_Your task_
Your output should be exactly the lines from the one containing "Visit Proof |" through the last line of the listing, and nothing else. Pictures stay out.
*** Opening of Data extract ***
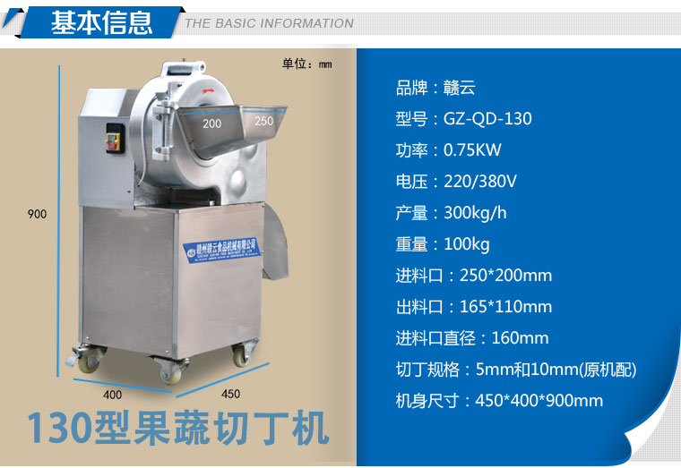 工作原理:GY-DQ-130型切丁機通過旋轉撥盤將被切物體帶動高速旋轉,利用物體的離心力,立刀將物體切成片狀,然后經過圓盤切絲刀片豎切成條狀,并將條狀物送入橫切斷刀口,由橫切斷刀盤切刀切成所需的長方體或立方體。
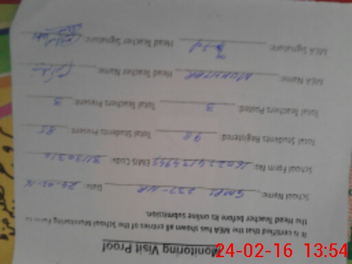 | Attendance Register | Head Teacher | MEA with School | Visit Proof |
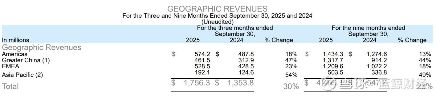 从不同市场表现看,所有四个地区均实现了两位数的收入增长。其中大中华区增长47%,强劲增长势头延续至2025年第四季度。
*** Close of Data extract ***
_Task response_
 | Attendance Register | Head Teacher | MEA with School | Visit Proof |
 从不同市场表现看,所有四个地区均实现了两位数的收入增长。其中大中华区增长47%,强劲增长势头延续至2025年第四季度。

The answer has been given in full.